I am working with stochastic differential equations (SDEs), which can be expressed as $$ dx = f(x, t) dt + G(x, t) dw $$ where $x \in \mathbb{R}^{n}$ is the state of the stochastic system, $t$ is time, and $w \in \mathbb{R}^{m}$ is a multidimensional Wiener process, $f(x, t) \in \mathbb{R}^{n}$ denotes the system unperturbed dynamics, and the matrix $G(x, t) \in \mathbb{R}^{n \times m}$ determines how the external disturbances affect the system.

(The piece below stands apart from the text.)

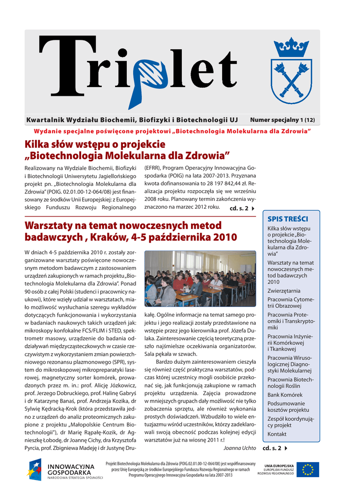 Kwartalnik Wydziału Biochemii, Biofizyki i Biotechnologii UJ Numer specjalny 1 (12) Wydanie specjalne poświęcone projektowi „Biotechnologia Molekularna dla Zdrowia” Kilka słów wstępu o projekcie „Biotechnologia Molekularna dla Zdrowia” Realizowany na Wydziale Biochemii, Biofizyki i Biotechnologii Uniwersytetu Jagiellońskiego projekt pn. „Biotechnologia Molekularna dla Zdrowia” (POIG. 02.01.00-12-064/08) jest finansowany ze środków Unii Europejskiej: z Europejskiego Funduszu Rozwoju Regionalnego (EFRR), Program Operacyjny Innowacyjna Gospodarka (POIG) na lata 2007-2013. Przyznana kwota dofinansowania to 28 197 842,44 zł. Realizacja projektu rozpoczęła się we wrześniu 2008 roku. Planowany termin zakończenia wyznaczono na marzec 2012 roku. cd. s. 2 Warsztaty na temat nowoczesnych metod badawczych , Kraków, 4-5 października 2010 W dniach 4-5 października 2010 r. zostały zorganizowane warsztaty poświęcone nowoczesnym metodom badawczym z zastosowaniem urządzeń zakupionych w ramach projektu „Biotechnologia Molekularna dla Zdrowia”. Ponad 90 osób z całej Polski (studenci i pracownicy naukowi), które wzięły udział w warsztatach, miało możliwość wysłuchania szeregu wykładów dotyczących funkcjonowania i wykorzystania w badaniach naukowych takich urządzeń jak: mikroskopy konfokalne FCS/FLIM i STED, spektrometr masowy, urządzenie do badania oddziaływań międzycząsteczkowych w czasie rzeczywistym z wykorzystaniem zmian powierzchniowego rezonansu plazmonowego (SPR), system do mikroskopowej mikropreparatyki laserowej, magnetyczny sorter komórek, prowadzonych przez m. in.: prof. Alicję Józkowicz, prof. Jerzego Dobruckiego, prof. Halinę Gabryś i dr Katarzynę Banaś, prof. Andrzeja Kozika, dr Sylwię Kędracką-Krok (która przedstawiła jedno z urządzeń do analiz proteomicznych zakupione z projektu „Małopolskie Centrum Biotechnologii”), dr Marię Rąpałę-Kozik, dr Agnieszkę Łobodę, dr Joannę Cichy, dra Krzysztofa Pyrcia, prof. Zbigniewa Madeję i dr Justynę Dru- SPIS TREŚCI Kilka słów wstępu o projekcie „Biotechnologia Molekularna dla Zdrowia” Warsztaty na temat nowoczesnych metod badawczych 2010 Zwierzętarnia Pracownia Cytometrii Obrazowej kałę. Ogólne informacje na temat samego projektu i jego realizacji zostały przedstawione na wstępie przez jego kierownika prof. Józefa Dulaka. Zainteresowanie częścią teoretyczną przeszło najśmielsze oczekiwania organizatorów. Sala pękała w szwach. Bardzo dużym zainteresowaniem cieszyła się również część praktyczna warsztatów, podczas której uczestnicy mogli osobiście przekonać się, jak funkcjonują zakupione w ramach projektu urządzenia. Zajęcia prowadzone w mniejszych grupach dały możliwość nie tylko zobaczenia sprzętu, ale również wykonania prostych doświadczeń. Wzbudziło to wiele entuzjazmu wśród uczestników, którzy zadeklarowali swoją obecność podczas kolejnej edycji warsztatów już na wiosnę 2011 r.! Joanna Uchto Projekt Biotechnologia Molekularna dla Zdrowia (POIG.02.01.00-12-064/08) jest współfinansowany przez Unię Europejską ze środków Europejskiego Funduszu Rozwoju Regionalnego w ramach Programu Operacyjnego Innowacyjna Gospodarka na lata 2007-2013 Pracownia Proteomiki i Transkryptomiki Pracownia Inżynierii Komórkowej i Tkankowej Pracownia Wirusologicznej Diagnostyki Molekularnej Pracownia Biotechnologii Roślin Bank Komórek Podsumowanie kosztów projektu Zespół koordynujący projekt Kontakt cd. s. 2 Kilka słów… cd. ze s. 1 Projekt ma charakter inwestycyjny. Jego celem bezpośrednim jest poprawa infrastruktury badawczej na Wydziale, w tym zakup światowej klasy urządzeń pozwalających na wdrożenie nowoczesnych metod badawczych w biologii molekularnej, biochemii, biotechnologii i biofizyce, a także rozbudowa i wyposażenie zwierzętarni. Na projekt składa się siedem zadań, koordynowanych przez pracowników naukowych Wydziału Biochemii, Biofizyki i Biotechnologii UJ. W ramach zadań powstaną nowe pracownie: • Zwierzętarnia (koordynator: Prof. dr hab. Alicja Józkowicz); • Pracownia Cytometrii Obrazowej (koordynator: Prof. dr hab. Jerzy Dobrucki); • Pracownia Proteomiki i Transkryptomiki (koordynator: Prof. dr hab. Andrzej Kozik); • Pracownia Inżynierii Komórkowej i Tkankowej (koordynator: dr Justyna Drukała); • Pracownia Wirusologicznej Diagnostyki Molekularnej (koordynator: dr Krzysztof Pyrć); • Pracownia Biotechnologii Roślin (koordynatorzy: Prof. dr hab. Halina Gabryś, dr hab. Leszek Fiedor); • Bank Komórek (koordynator: dr Justyna Drukała). Rozbudowa infrastruktury badawczej przyczyni się do realizacji celów badawczych (pośrednich) projektu, do których należą m.in.: • Opracowanie i zastosowanie nowych zwierzęcych modeli chorób i testowanie terapii eksperymentalnych; • Opracowanie nowych metod analizy struktury komórek i interakcji badanych substancji z komórkami; • Stworzenie kompleksowego systemu analizy ekspresji genów na poziomie transkryptomu i proteomu; • Rozwój metod hodowli tkankowej skóry w celu ich zastosowania w warunkach klinicznych; • Opracowanie i rozwój metod pozwalających na identyfikację i kwantyfikację wirusów ludzkich i zwierzęcych pod kątem ich zastosowania w warunkach klinicznych i badawczych; • Opracowanie i badania pochodnych metabolitów roślinnych oraz pochodnych barwników fotosyntetycznych, jako potencjalnych leków przeciwnowotworowych. Zakupiona aparatura będzie wykorzystywana przez pracowników naukowych, doktorantów i studentów Wydziału BBiB UJ, a także innych wydziałów Uniwersytetu Jagiellońskiego i ośrodków badawczych w całej Polsce. Dzięki nowej aparaturze możliwe będzie również rozszerzenie współpracy Wydziału Biochemii, Biofizyki i Biotechnologii UJ z zespołami zagranicznymi. Ponadto, sprzęt zostanie udostępniony na potrzeby szpitali, jak również projektów realizowanych wspólnie z pod

I have some trouble understanding the physical dimensions of $G$ and $w$. I would expect the Wiener process to be non-dimensional, but my confusion arises from the fact that, according to Kloeden and Platen's book "Numerical Solution of SDEs", if the SDE is linear in the narrow sense (i.e., $f(x, t) = A(t) x + c(t)$ and $G(x, t) = G(t)$), the time evolution of the covariance matrix $P$ of the system state $x$ is described by the following ordinary differential equation (ODE) $$ \dot{P} = A(t) P + P A(t)^T + G(t) G(t)^T $$
It appears that, according to the SDE, the physical dimensions of $G$ must be the same as $dx / dw$, but, according to the differential equation of P, which has dimensions equal to $xx^T$, the physical dimensions of $GG^T$ must be the same as $xx^T / t$. The only way to obtain consistency is that the Wiener process dimensions are $\sqrt{t}$, but it does not make much sense to me. Can someone explain to me what am I doing wrong? And what are the dimensions of $w$ and $G$?